For my ‘simply bound’ book, I decided to continue playing with digital collage and merging imagery, but this time I wanted to incorporate paper cutting techniques to layer images, rather than split the pages to mix them.
We also had to incorporate ways of binding using stitch techniques to make book signatures (which are pages of the book folded in half and sewn together along the crease), and create hard covers using strawboard, buckram (book cloth) and a book press. I decided that I wanted to continue on with the ‘strange and absurd’ theme that I started with in my zine, but rather than merge images using the ‘mix and match’ design, I decided to create frames with images popping out from the sides and cut out all the negative spaces so when pages are layered, images from pages underneath peek through.

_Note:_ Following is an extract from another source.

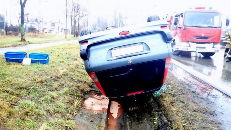 – Patrolowi drogówki dojazd do miejsca wypadku zajął minutę. Tam zauważyli, że w leżącym wciąż na dachu pojeździe za kierownicą znajduje się człowiek. Po podejściu bliżej wyczuli silną woń paliwa wydobywającego się z silnika. Z obawy na zagrożenie życia i zdrowia kierującego nim mężczyzny, jeden z funkcjonariuszy wybił boczną szybę Peugeota, wczołgał się do wnętrza, oswobodził kierowcę z pasa bezpieczeństwa, a następnie wyciągnął go z pomocą pozostałych funkcjonariuszy na zewnątrz. Po chwili na miejscu pojawiła się straż pożarna, która zabezpieczyła wyciek w paliwa, a także załoga pogotowia ratunkowego, która udzieliła pomocy kierowcy – relacjonuje sierż. szt. Marcin Rydel, zastępujący oficera prasowego KMP Gliwice.

I drew inspiration from Kerry Miller’s and Alexander Korzer—Robinson’s book sculptures. Korzer-Robinson takes all the imagery from old books, cuts them out and arranges them in layers using the hollowed out book cover as a frame.
Here are some of his book sculptures....
...and Kerry Miller's.
I thought it could be possible to do something similar with digital collages, but using pages that could be turned to reveal new ways of layering images. I then decided to limit myself to 3 pages that mostly matched on both sides (ie have mirrored images on the front and back of each page), so that when the negative areas in the book pages were cut, they would line up and allow other images to peek through the open spaces. Here are the final book page images, ready to be printed. Now all I had to worry about was getting the mirrored images to line up on the back of these pages.

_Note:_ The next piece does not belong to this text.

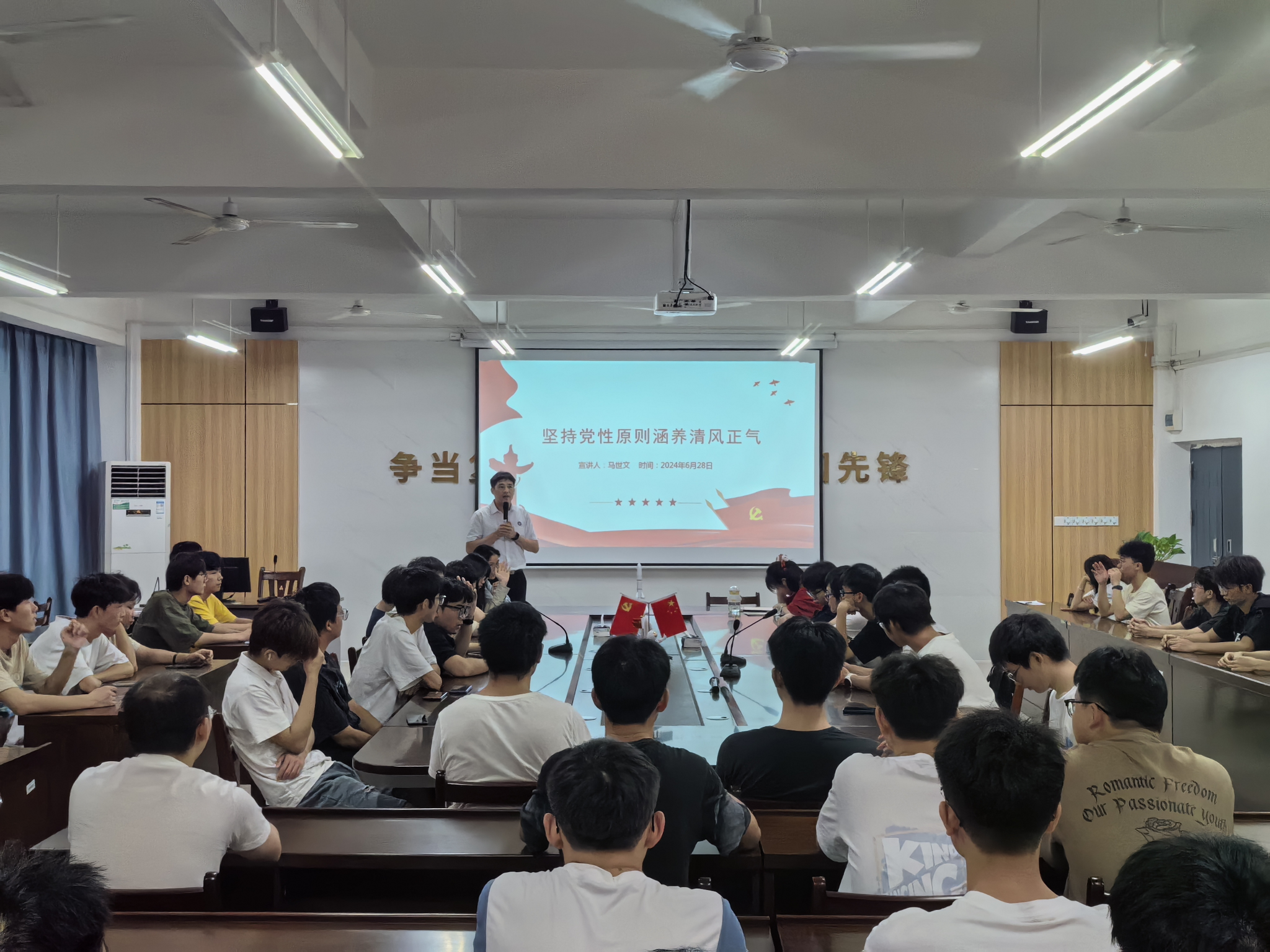 为引导党员干部深刻认识到坚持党性原则的重大意义,积极涵养清风正气,以实际行动推动全面从严治党向纵深发展,6月28日,在线买世界杯平台于巡天楼229会议室召开“坚持党性原则涵养清风正气”的讲座。本次讲座由在线买世界杯平台党委副书记马世文主讲,各年级党员代表参加聆听。

I discovered that lining up the images on both the front and back (ie, having a mirror-image that aligned on both sides), was very challenging indeed! After printing out all double-sided pages and looking at them through a light-box, I discovered that it was going to be impossible to line then up perfectly. My teacher, Jazminia Cininas, offered a brilliant suggestion - that I have a dominant side (with all of the imagery) and to try filling the opposite side with solid colour, perhaps leaving one or two images poking through. I then discovered a tool in Photoshop that allowed you to smudge colour (conveniently called the ‘smudge’ tool). This was a fairly decent option (as it would fill in the white 'negative' areas with colour), and the warping of the images further pushed the ‘surreal’ and strange theme emerging in the work.
When it came to sewing and binding the book, I discovered that the photo rag paper I used was much too thick, and I had printed the images with the grain direction going in the wrong direction for folding (although, given the paper stock I was using, I could only print on A3 landscape anyway, so I really limited myself there). The quality of the prints on the ‘good’ side of the paper were stunningly sharp, so in the end I’m glad I decided to use such fine paper (I used Somerset A3+, 300gsm - too thick, but beautiful for achieving sharp and luminous details). Here are a few images of the book. You can also view larger images under 'Latest Work'.
I decided to accept the outcome for what it was - not technically perfect, but not bad either. Time was running short and my wallet, thin, and I needed to just get it finished! The drawback in this book is that it does not lay flat, but on the plus side - when they are opened - the pages have slight gaps between them, giving the scenes depth and dimensional perspective. It may be worth taking these images and creating a tunnel book at some stage, or even a concertina, but the next step may be just getting those tiny technical details resolved first before making a ‘second state’.